Neighbors: Author Vince Churchill enjoys the art of putting words in other people’s minds

Vince Churchill has one primary goal as a writer.

“I’m really just trying to be entertaining, I want people to take my books on planes and to the beach,” Churchill said. “My books are like drive-in movies, just something fun.”

Churchill, a Jacksonville native who lives and works in Springfield, has written 11 published novels and one published children’s book, with more novels on the way. He was one of the first modern writers to publish novels about zombies, riding the wave of literary popularity as interest in the undead revived in the new millennium.

“There wasn’t tons of zombie stuff at all in the early 2000s, and then all of a sudden zombies were big,” Churchill said. “I was selling a bunch of books, this other up-and-coming novelist came out with a zombie book, and then ‘The Walking Dead’ came out. My book and his book were the only zombie books, so we were just cleaning up.”

Churchill’s first book, “The Dead Shall Inherit the Earth,” was published in 2002, but it began in the late 1970s as a story he wrote while a student at Jacksonville High School.

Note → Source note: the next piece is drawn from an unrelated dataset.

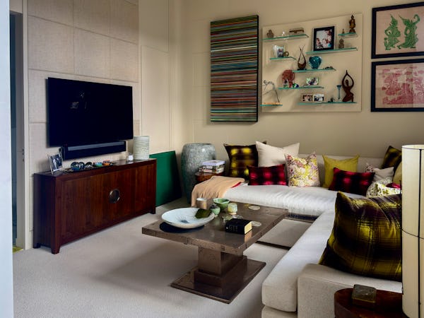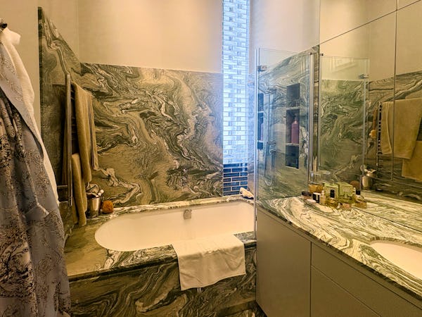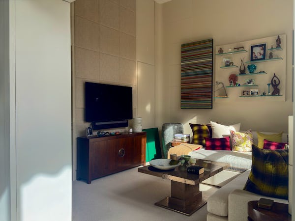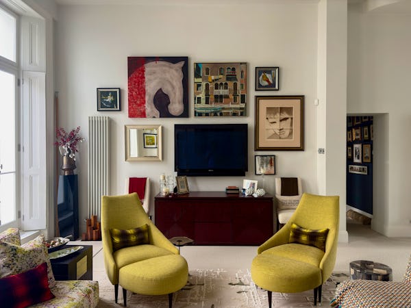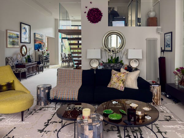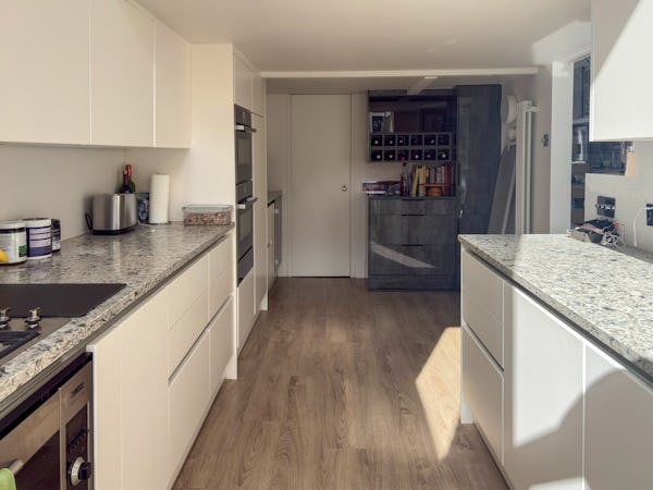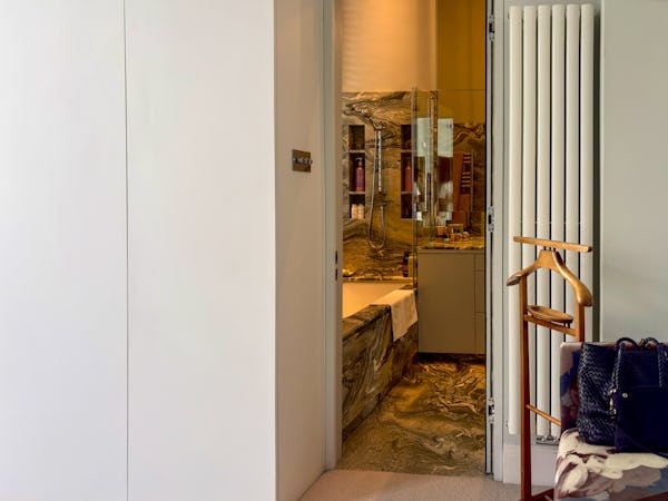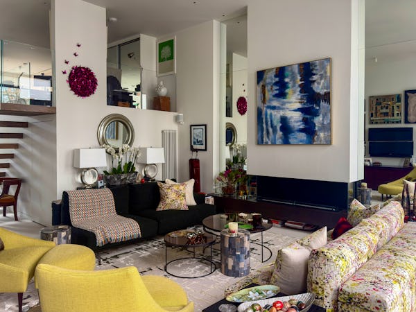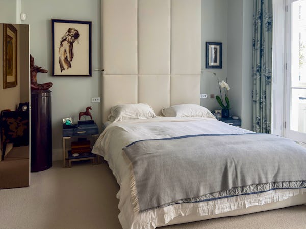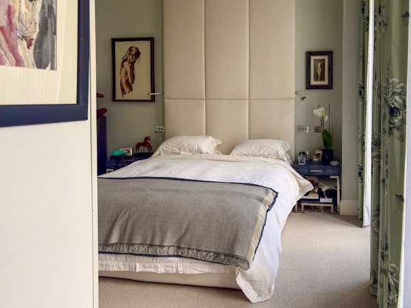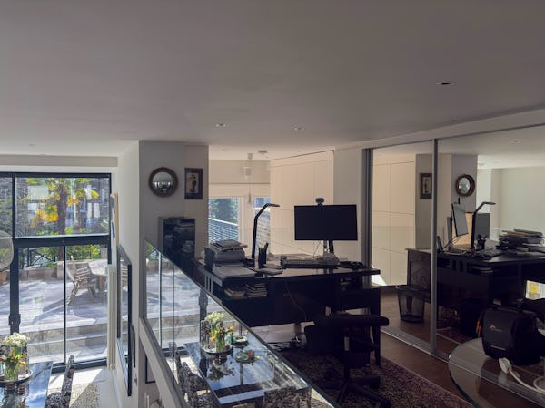 This Victorian conversion near Earl’s Court is a sophisticated location that blends classic period character with sharp, modern architectural details. The apartment's primary feature is a set of three floor-to-ceiling French doors in the main reception, which open onto a private balcony and flood the space with natural light. This grand, traditional feel is balanced by a modern floating staircase that leads to a mezzanine, offering a clean contemporary contrast to the original high ceilings.

“I came home from a movie one night and decided to write a story that mixed the movie ‘Star Trek’ with the original ‘Dawn of the Dead’ zombie movie,” Churchill said. “I ended up writing this 68-page book that a friend of mine wrote for me.”

“When you’re in high school, it’s one thing to just write little stories in a notebook, but if you have this 68-page typewritten manuscript, it was just crazy,” Churchill said. “It was like a real book in high school.”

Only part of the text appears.